I don't like how everyoe moans how cavalry have taken such a nerf in this new edition.

In military history sure Cavalry were the shock troops but expecting them to ram a huge block of infantry and destroy them is near madness. The knights would get surrounded and eventually unhorsed despite whatever damage they may do and the current edition does this beautifully. What you need to do is to get 2 Knight units to charge the same target at the same time to squash them flat. Cavalry rely on the kills in the first round and as a player you need to ensure they do.

Obviously this affects Bretts most seriously since they rely on Knights. I do agree that giving them the Devastating Charge rule when they charge would be an improvement.

As for moaning that a 2+ armour save is not strong enough to stand up to much. All my guys in my army (All Pestilens Skaven) have absolutely no armour at all.
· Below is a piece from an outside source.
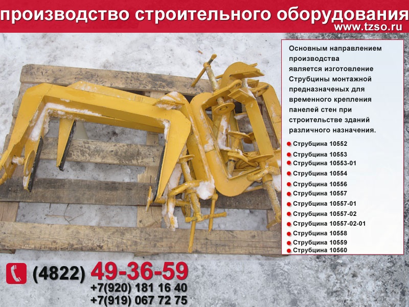 Бесплатная доставка до терминала ТК. Отправка по РФ. Собственное производство строительной оснастки и грузоподъемного оборудования. Широкий ассортимент строительного оборудования (траверса для монтажа колонн, кондуктор, обойма и пр.) Более подробную информацию уточняйте у наших специалистов.

Not to mention we are a lot slower, have worse weapon skill and suffer from S3. Although this is mitigated by having T4.

No offence to you but sending anything against something that is S6 is going to put a dent in said unit. However Dragon Princes should do well on the charge against such targets (I assume creatures with this strength are most commonly monsters) and as such get a nice load of attacks that are likely rerolling to hit and get a nice +2 S bonus.

As for Skaven I would only suggest giving a BSB option for a Plague Priest and perhaps giving Clan marks to Warlords/Chieftains to show allegiance to a greater clan (For example a Eshin supporting Warlord is likely to have a dodge ward save, have a higher Initiative value and higher movement) in a similar vein to having Bloodline powers or a Mark of Chaos.


----------



## Azezel (May 23, 2010)

olderplayer said:


> As for high elf eagles, my friends that play them complain that they get shot down too easily and have too few attacks to be reliably effective against war machines and skirmishers and fast cav. They are not one of the better units in the book; they just happen to be the only option available to fill a required need for the army.


Obviously, not everyone agrees on every point, but I congratulate you on finding the only High Elf players in the world who don't like Great Eagles.

That might be because they're using them for warmachine hunting, when that's actually the least of their many jobs. (A Great Eagle can pay for itself five times over without ever actually getting into combat)

Whilst no High elf player would be unhappy to see such a great unit cost less, the very fact that everyone uses multiple Eagles should demonstrate the fact that 50 points is not too much.



olderplayer said:


> Similarly, HE cav are definitely not cheap. Silver Helms and Dragon Princes suffer from being S3 and T3 and being equipped with lances (only bonus when they get off the charge). If they can't break the unit they charge on the first round of combat, they will get tarpitted and die too quickly to earn their points back. A 2+ AS is not much in the face of S3 shooting with AP or S4 shooting with AP or S5 or S6 attacks. Too many attacks in the magic phase, shooting phase, and combat phase ignore armour saves or can effectively reduce armour saves for a 2+ AS to be reliable. Thus, the HE cav units are often neglected in favour of the three special infantry options (swords, phoenix and white lions) that are not undercosted.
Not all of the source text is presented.